更新日:2022/08/10 公開日:2019/02/08 view数:16,659

脳梗塞とは?

脳梗塞(のうこうそく)は動脈の血管が硬くなる「動脈硬化」によって引きおこされる病気です。
血管が硬くなると内側は壊れやすくなり、おかゆのように柔らかいコレステロールの塊がこびりついている状態(粥腫:じゅくしゅ)になります。
動脈硬化によって脳の血管が詰まったり細くなったりすることで、十分な酸素や栄養が脳に行き届かなくなります。

脳梗塞の種類は3タイプ

脳梗塞には血管の太さや血栓の詰まり方によって、下記のような3タイプに分類されます。

1.ラクナ梗塞

高血圧症を主な原因として脳にある細い血管に動脈硬化がおこり、詰まってしまうのがラクナ梗塞です。脳の中心近くにできやすく、水たまりのように小さくくぼんでおり日本人に多いタイプの脳梗塞です。

2.アテローム血栓性脳梗塞

動脈硬化によって狭くなってしまった脳の太い血管が、血栓によって詰まってしまうのがアテローム血栓性脳梗塞です。糖尿病脂質異常症などの生活習慣病が主な原因で、食生活の欧米化(高カロリーや高コレステロール)によって近年増加傾向にある脳梗塞のタイプです。
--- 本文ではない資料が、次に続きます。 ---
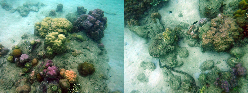 최근에 날씨가 좋지 않았음에도 불구하고, 깊은 바닥까지 속이 훤히 들여다 보이는 바다의 투명함과 그 속에서 펼쳐지는 산호와 형형색색의 물고기들을 보며 우리는 흥분하지 않을 수 없었다.
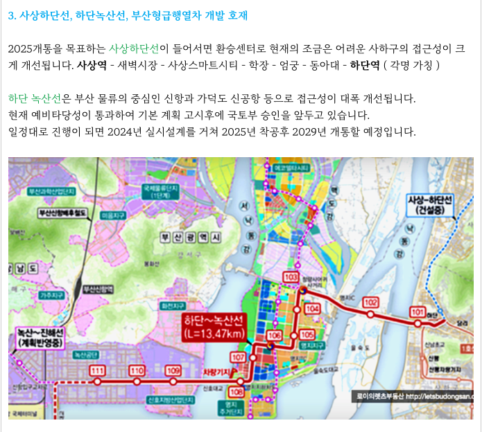 바로 2정거장 옆의 하단역이 교통의 중심 환승센터로 변모할 예정으로 접근성은 크게 개선될것입니다.

3.心原性脳塞栓症(しんげんせいのうそくせんしょう)

心臓にできた血栓が脳に流れ、太い血管を塞いでしまうのが心原性脳塞栓症です。急性心筋梗塞や不整脈の一種であり、心臓が異常な動きをする心房細動(しんぼうさいどう)が原因です。突然血管が詰まってしまうため、いきなり症状があらわれます。
脳の太い血管を詰まらせるため、重い症状や後遺症が出てしまう可能性が高いタイプの脳梗塞です。

脳出血やくも膜下出血との違い

1.脳出血

脳梗塞は運動や言語を司る脳の領域に血液がいかなくなり、壊死することで障害が出る病気です。
一方、脳出血は脳の中にある細かい血管が破れて出血することで、脳が壊れて症状があらわれる病気です。脳梗塞と脳出血はいずれも脳の中でおこる病気です。

2.くも膜下出血

くも膜下出血は脳の表面にある血管に動脈瘤(こぶ)ができ、破れて表面に出血する病気です。
流れ出た血液は脳表面のくも膜下に溜まり、出血量に応じて脳が圧迫されていくため脳が壊されていきます。

脳卒中というカテゴリ

脳梗塞、脳出血、くも膜下出血は脳の血管に障害がおこる「脳卒中」というカテゴリに属し、血管が詰まる脳梗塞と血管が破れる脳出血・くも膜下出血に分けられます。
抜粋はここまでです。